Watch the rocket boosters land HERE!
Achievements
Landmark achievements of SpaceX include:
- The first privately funded liquid-fueled rocket to reach orbit (Falcon 1 Flight 4 — September 28, 2008)
- The first privately funded company to successfully launch, orbit, and recover a spacecraft (Falcon 9 Flight 2 — December 9, 2010)
- The first private company to send a spacecraft to the International Space Station (Falcon 9 Flight 3 — May 25, 2012)
- The first private company to send a satellite into geosynchronous orbit (Falcon 9 Flight 7 — December 3, 2013)
- The first landing of an orbital rocket’s first stage on land (Falcon 9 Flight 20 — December 22, 2015)
- The first landing of an orbital rocket’s first stage on an ocean platform (Falcon 9 Flight 23 — April 8, 2016)
- The first relaunch and landing of a used orbital rocket (Falcon 9 Flight 32 — March 30, 2017)
- The first controlled flyback and recovery of a payload fairing (Falcon 9 Flight 32 — March 30, 2017)
- The first reflight of a commercial cargo spacecraft. (Falcon 9 Flight 35 — June 3, 2017)
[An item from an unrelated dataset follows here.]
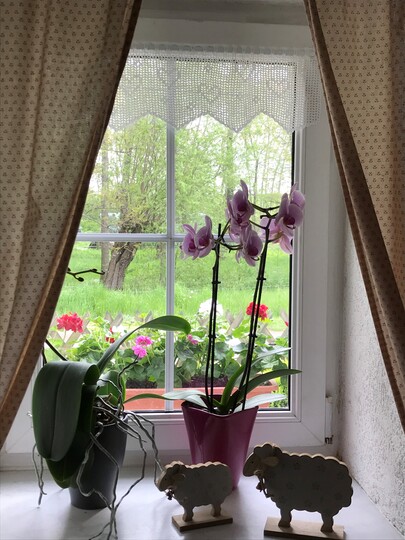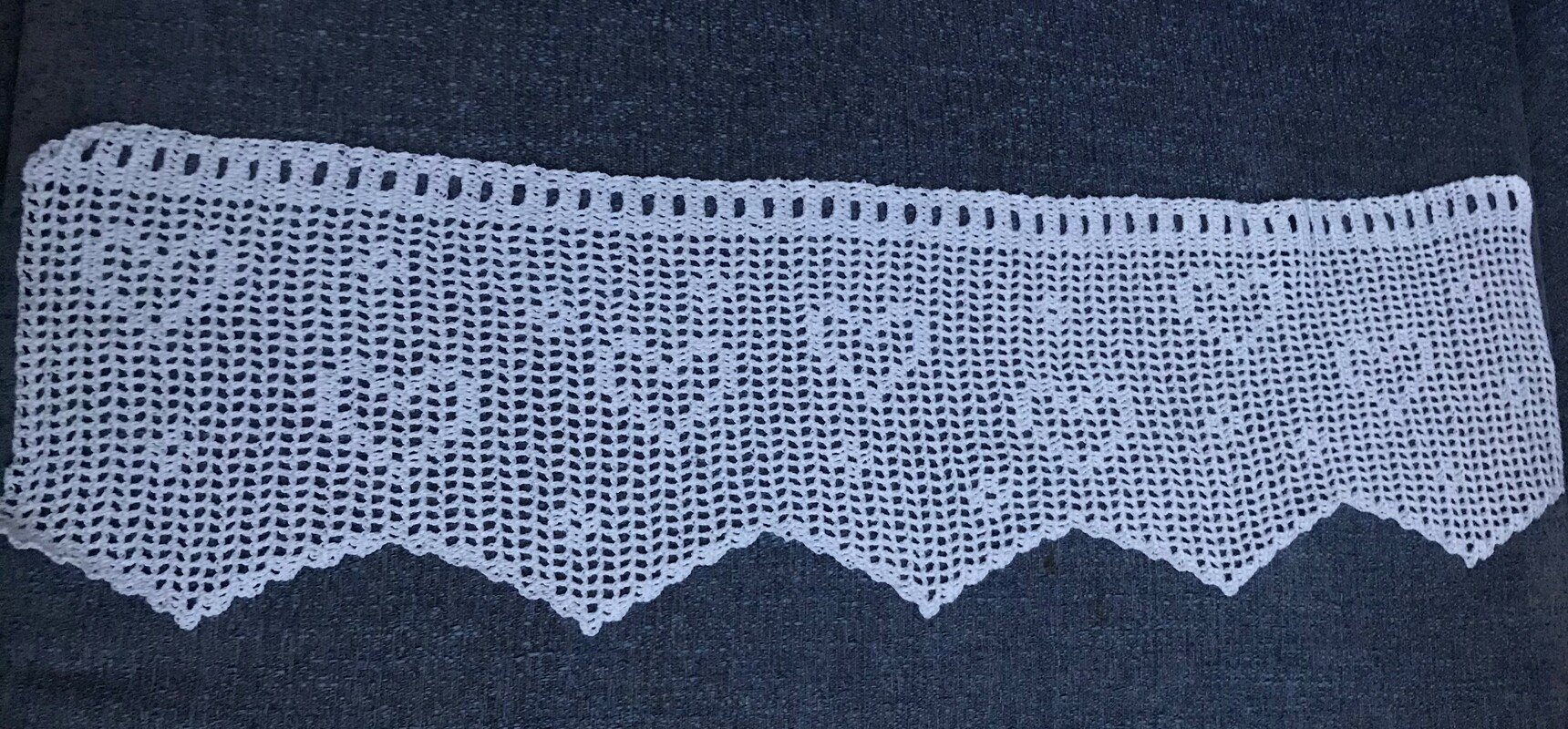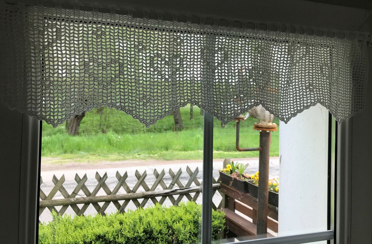 Die Anleitung ist einfach erklärt. Die Gardine besteht aus Luftmaschen und Stäbchen.
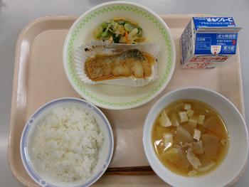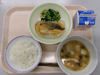 | 16 (木) | ごはん 白身魚のねぎ味噌焼き 油揚げと野菜のあえもの 豚汁 牛乳 | |

- The first privately funded payload to escape Earth’s gravity. Two of the three boosters of the same launch were successfully recovered. (Falcon Heavy Test Flight – February 6, 2018)
In December 2015, SpaceX launched an upgraded Falcon 9 rocket from Cape Canaveral Air Force Station into Low Earth orbit, on a mission designated Flight 20. After completing its primary burn, the first stage of the multistage rocket detached from the second stage as usual. The first stage then fired three of its engines to send it back to Cape Canaveral, where it achieved the world’s first successful landing of a rocket that was used for an orbital launch.